(Dataset items)
= Beginning of Section =

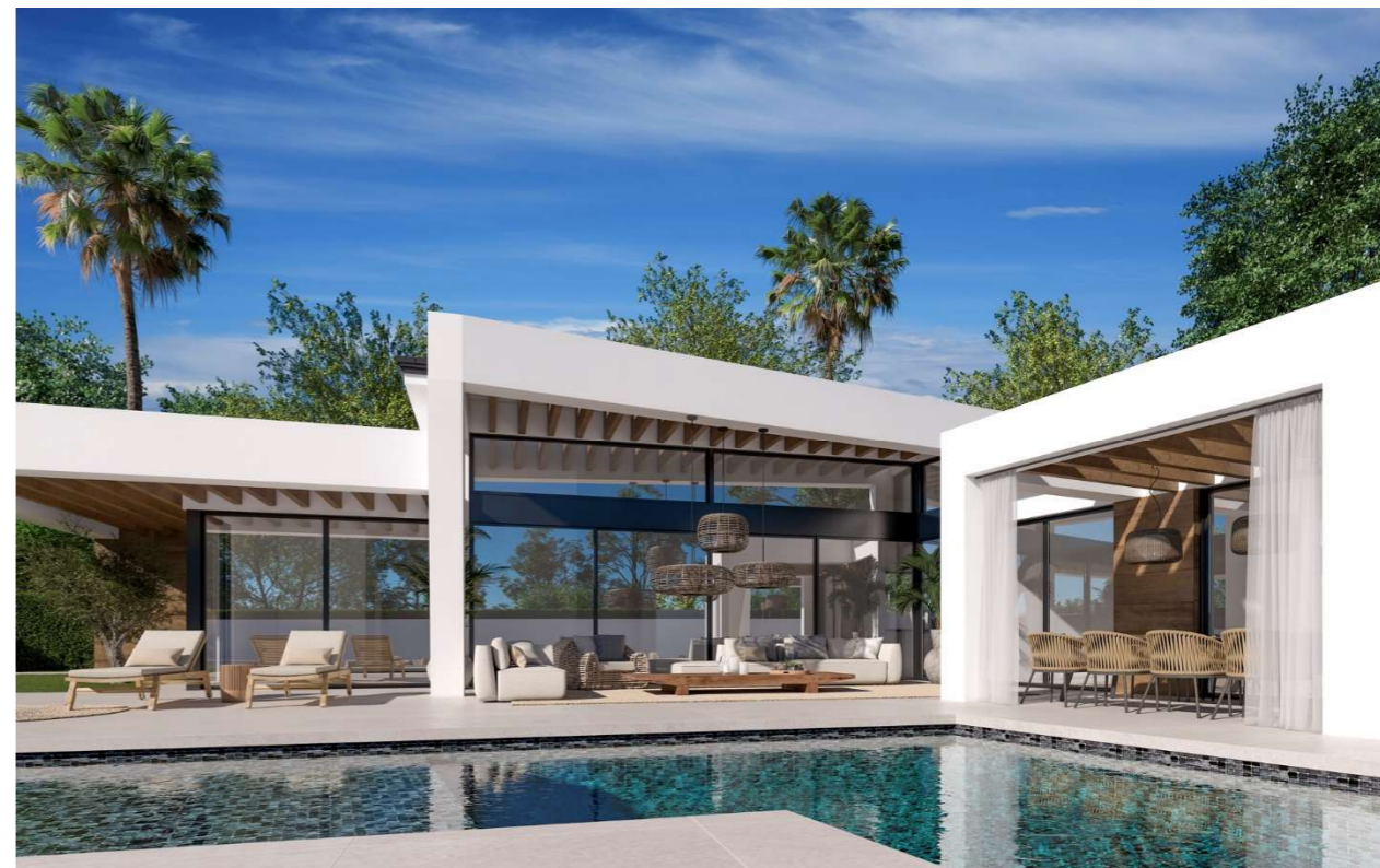
Imagen figurativa no vinculante. Propuesta de decoración opcional.

En dormitorio master vestidor con iluminación led y distribución, y armarios empotrados con puertas suelo techo en el resto dormitorios, vestidos interiormente con distribución funcional de baldas separadoras, barras de colgar y cómoda con cajones.
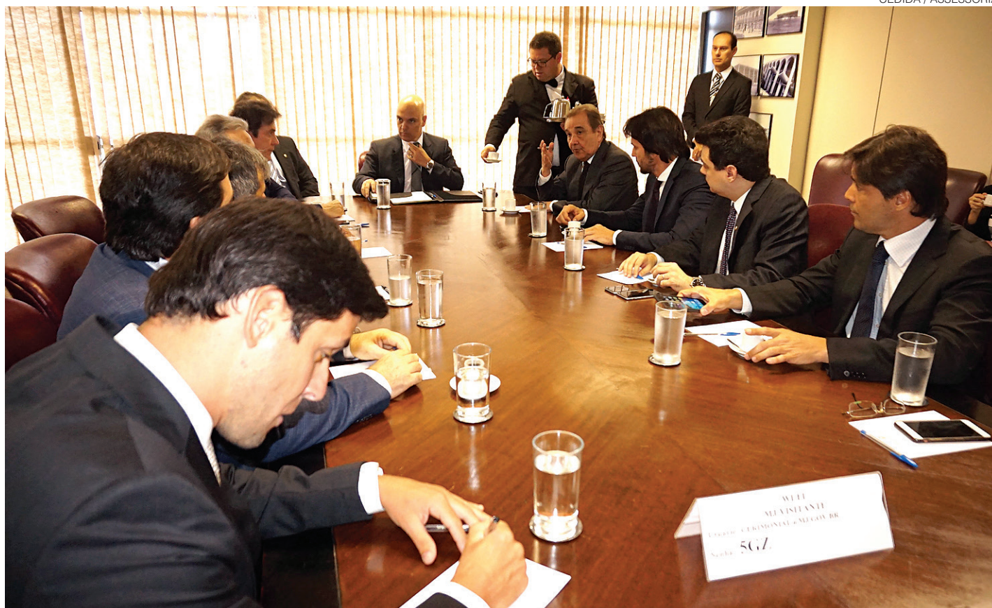
// Governador Robinson Faria, bancada federal e representantes do Poder Judiciário e Legislativo do RN se reuniram com o ministro da Justiça

As novas penitenciárias serão construídas de forma modular, sendo mais rápida a conclusão e mais segura, segundo o governador. Além das duas que já estão sendo construídas, a intenção é iniciar mais uma: a terceira.
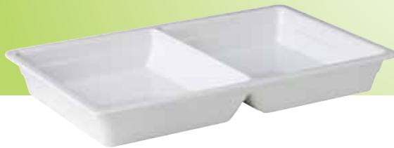
2. 1/1 Gastronormbak met 2 compartimenten
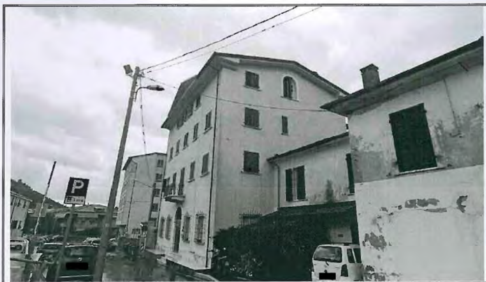
Foto n. 1 – Vista del fabbricato di cui fa parte il bene immobile– Angolo NORD
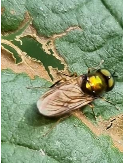
18/07, gewone prachtwapenvlieg , Kwarteltuin, Delft, Huub van 't Hart

= End of Section =

● WHAT YOU NEED TO DO: What you write must match, line for line, the lines from the one with "Foto n. 1 –" through the last line of the data above, minus the pictures.

● REPLY TO THE EXERCISE:
Foto n. 1 – Vista del fabbricato di cui fa parte il bene immobile– Angolo NORD
18/07, gewone prachtwapenvlieg , Kwarteltuin, Delft, Huub van 't Hart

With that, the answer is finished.